Early this year, Mahon bought me a miniature rose plant. It has lived on various countertops in my apartment ever since, in a cheerful yellow ceramic pot. Every few months during the winter, it would pop out a dark red blossom, delicate and small and perfect. When I left Tuesday afternoon, it was beginning to bud for the first time since late winter.
When I came back on Thursday, the bud was slowly opening into a shy, tentative blossom. Not red this time: pink, a perfect rich rose-pink. I find myself watching it a lot. It feels like a peaceful spot in my life, which at the moment feels a little like it's been caught up whole into a tornado, Wizard of Oz-style. The rose being lovely doesn't make my week any less hard. But it does give me something to smile about.
. . . . .
It is hard to write this post, and with each paragraph I have considered just deleting it all and posting something silly and happy. A few weeks ago, I was talking to my mom about the dilemma of that moment—what essay I would submit for my non-fiction class to read before the end of the semester. Nearly all of the essays I'd written for this class had been about my health, and I wasn't sure I was ready to bare that much of my soul to a class of thirty or forty mostly-strangers.
"Of course," my mom said. "Because you want people to cut you some slack for being sick, but at the same time, you don't ever want them to see how hard it is for you."
And it's true.

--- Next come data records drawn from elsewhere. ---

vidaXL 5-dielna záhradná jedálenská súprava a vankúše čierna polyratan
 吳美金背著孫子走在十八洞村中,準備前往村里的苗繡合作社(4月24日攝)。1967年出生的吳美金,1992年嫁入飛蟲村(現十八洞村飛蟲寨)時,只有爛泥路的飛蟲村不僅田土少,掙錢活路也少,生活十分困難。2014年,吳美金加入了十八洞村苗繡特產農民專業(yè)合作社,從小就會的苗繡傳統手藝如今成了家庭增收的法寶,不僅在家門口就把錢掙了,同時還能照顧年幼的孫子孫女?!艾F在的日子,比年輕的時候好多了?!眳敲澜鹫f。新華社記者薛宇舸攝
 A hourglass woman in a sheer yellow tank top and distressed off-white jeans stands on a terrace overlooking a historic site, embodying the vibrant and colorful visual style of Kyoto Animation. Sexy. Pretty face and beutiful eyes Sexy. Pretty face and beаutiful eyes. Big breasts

When someone asks me how I am, I say that I'm okay. Because they don't really want to hear if I'm having a hard time, and I don't know what else to say.
But today, I am going to go ahead and say it. I am having a hard time. A very hard time. I haven't had this hard a time since I learned last spring that DMBA offered no prescription coverage and Medicaid would probably deny me. Because you know what? I'm not okay with this. I'm not okay with standing back and watching my life slowly being eaten by my disease. I'm not okay with the fact that, instead of going to Yellowstone after school ended, I get to go to the hospital. I'm not okay with giving up weeks of my summer, which is my personal sacred time to light and freedom and joy. I'm not okay with leaving my husband for another two weeks or more.

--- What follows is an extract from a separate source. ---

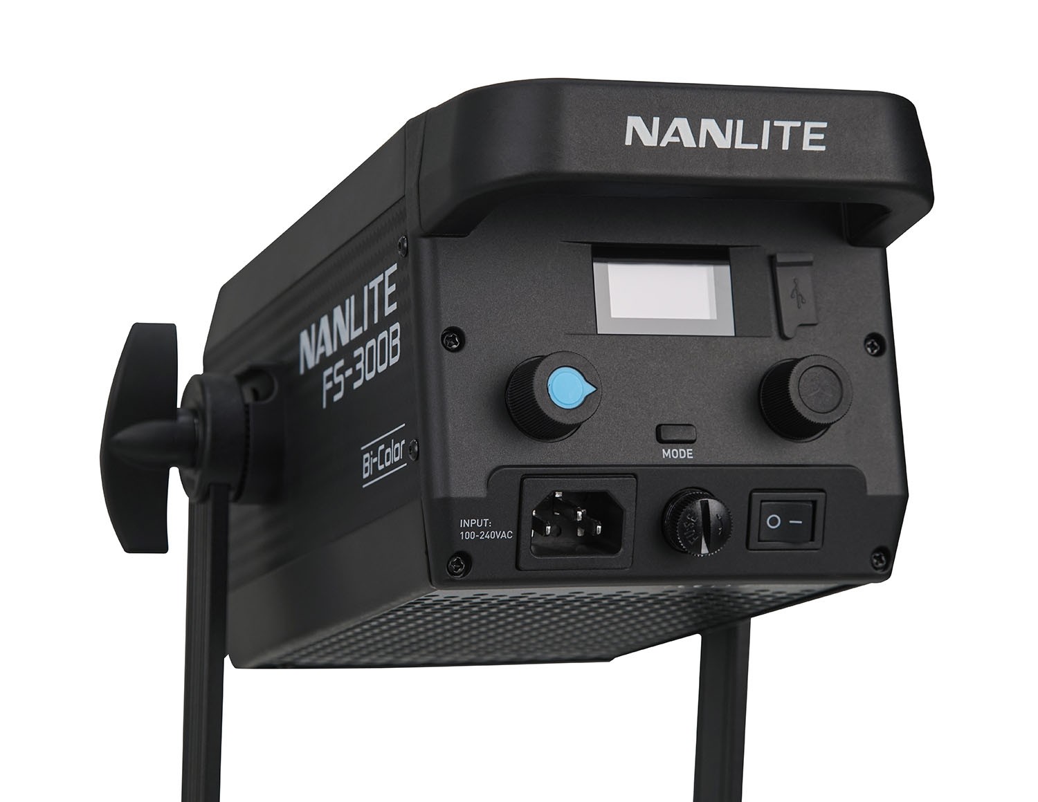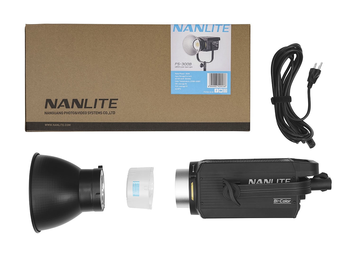 Foco Nanlite FS-300B proporciona una luz suave potente Bi-color y uniformemente distribuida. El foco FS-300B con luz natural equilibrada de NANLITE adopta una nueva y audaz tecnología de iluminación, que es de mayor tamaño en comparación con los LED COB, pero produce una luz más potente, más eficiente y uniforme. Esta hace que el FS-300B sea capaz de entregar un alto rendimiento de hasta 38720Lux @ 1m (con reflector), que produce un haz de luz uniforme y suave. Sistema integrado de refrigeración. Compacto, todo en un cuerpo combina la unidad de control, el adaptador de corriente y la lámpara led integrada. El diseño hace que el FS-300B de Nanlite sea más compacto y liviano sin perder potencia.

Last night on my bike ride, the words of Psalm 139:13 were in my head: "For you created my inmost being; you knit me together in my mother's womb." I keep coming back to that idea—God formed each strand of DNA. He knows who I am. He knows my genetic pattern perfectly.

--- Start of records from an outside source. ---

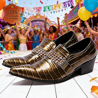 Mocasines de impresión de cocodrilo dorado de Mardi Gras para hombres – zapatos de cuero 100% premium de lujo con diseño elegante perfectos para fiestas de carnaval y ocasiones festivas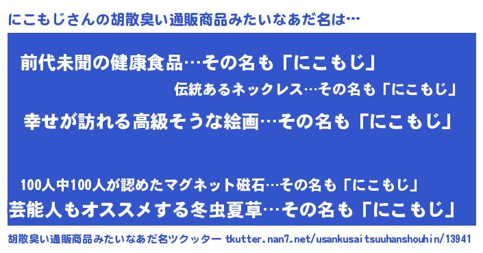 | ヒーロー風カッコイイあだ名 | 『ウルトラにこもじマン』『ネオニコモジ』 |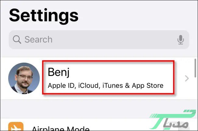 ۱- اگر بخواهید قابلیت Reading List را به صورت Offline فعال کنید نیاز دارید تا برخی تنظیمات در iCloud را ایجاد کنید. برای این کار ابتدا وارد تنظیما گوشی شوید و روی نام کاربری خود که بالای صفحه نمایش وجود دارد کلیک کنید.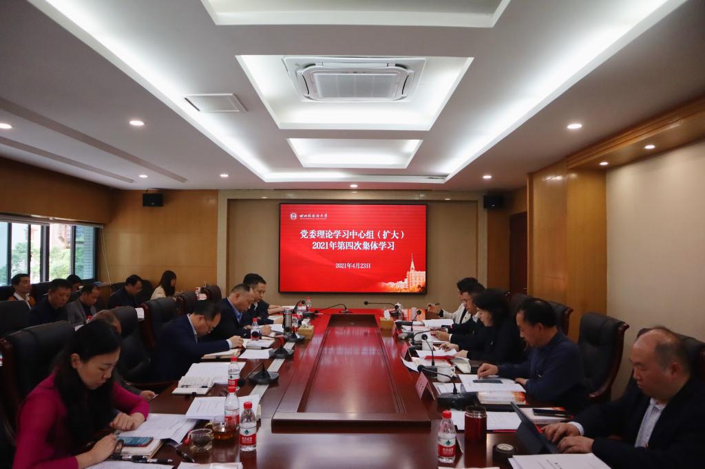 4月23日下午,党委理论学习中心组(扩大)第四次集中学习会举行。校领导、党委委员、党委各部门主要负责人参与此次学习。学习会由党委书记邹渝主持。

And you know what? I think He also knows that this is really, truly, genuinely hard. And in His infinite wisdom, He also understands that it will take time to work through it, to learn to be okay with this new life. That it will probably be a long process. Luckily, He has enough grace to cover me.
So please understand, in these next weeks and month, that this is hard. That I am having a hard time. That it is very, very hard for me to admit that. That I am not depressed, just working through things. That as routine as this hospital trip may seem to an outside observer, it is a big deal in my life.
And that, despite it all, I do place absolute trust in God. And that I know that His grace is enough for me.